L’audition, la vision et la kinesthésie, multimodalité des appuis mentaux pour la reconnaissance des notes
Soixante-sept musiciens (étudiants en musique et professionnels) ont donc été interrogés, révélant que les musiciens utilisent des étapes intermédiaires lors de l’identification des notes en sélectionnant ou en activant des briques cognitives qui aident à construire et à obtenir la bonne réponse. « Nous avons nommé ces éléments "appuis mentaux" », reprend le scientifique. Bien que les appuis mentaux diffèrent selon les individus, ils peuvent être regroupés en catégories liées aux trois modalités sensorielles principales : auditive, visuelle et kinesthésique (perception des déplacements des différentes parties du corps).
« Nous décrivons des "appuis mentaux" chez les musiciens comme des étapes intermédiaires dans le processus d'identification des notes. Et nous constatons que les musiciens peuvent être regroupés en fonction de leur utilisation des trois principales modalités sensorielles différentes - auditive, visuelle et kinesthésique - qui sont activées à la fois isolément et en combinaison. »
Ce résultat illustre la nature multimodale de la perception et révèle la diversité des individus, tout en identifiant les caractéristiques communes du traitement perceptif qui conduit à l’identification des notes.
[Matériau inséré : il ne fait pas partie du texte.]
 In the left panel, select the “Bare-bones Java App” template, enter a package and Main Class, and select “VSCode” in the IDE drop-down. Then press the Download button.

Ils espèrent que leur approche inspirera les futures études de neuroimagerie fonctionnelle pour l’identification des étapes clés et des réseaux neuronaux correspondants impliqués dans la reconnaissance et compréhension d’un stimulus sonore et, au-delà, de tout phénomène perceptif.
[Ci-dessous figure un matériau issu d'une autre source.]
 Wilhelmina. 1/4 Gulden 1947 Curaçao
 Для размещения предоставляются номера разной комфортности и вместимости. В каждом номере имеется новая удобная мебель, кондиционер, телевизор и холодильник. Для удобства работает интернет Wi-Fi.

Ce travail a été soutenu et partiellement financé par la Sacem
(Société des auteurs, compositeurs et éditeurs de musique).
Source
Stratégies utilisées par les musiciens pour identifier la hauteur des notes : briques cognitives et représentations mentales, Frontiers in psychology, 7 juillet 2020
Alain Letailleur1, Erica Bisesi2, 3 #, Pierre Legrain2, 3 *
1 CNRS UMR8131, Centre Georg Simmel Recherches franco-allemandes en sciences sociales, EHESS, France,
2 CNRS UMR3571, France,
3 Institut Pasteur, Unité perception et mémoire, France
* Correspondance: Pierre Legrain - pierre.legrain@pasteur.fr
# Adresse actuelle : Faculté de musique, Université de Montréal, Canada
Cette étude entre dans le cadre de l’axe scientifique prioritaire Maladies de la connectivité cérébrale et maladies neurodégénératives du plan stratégique 2019-2023 de l’Institut Pasteur.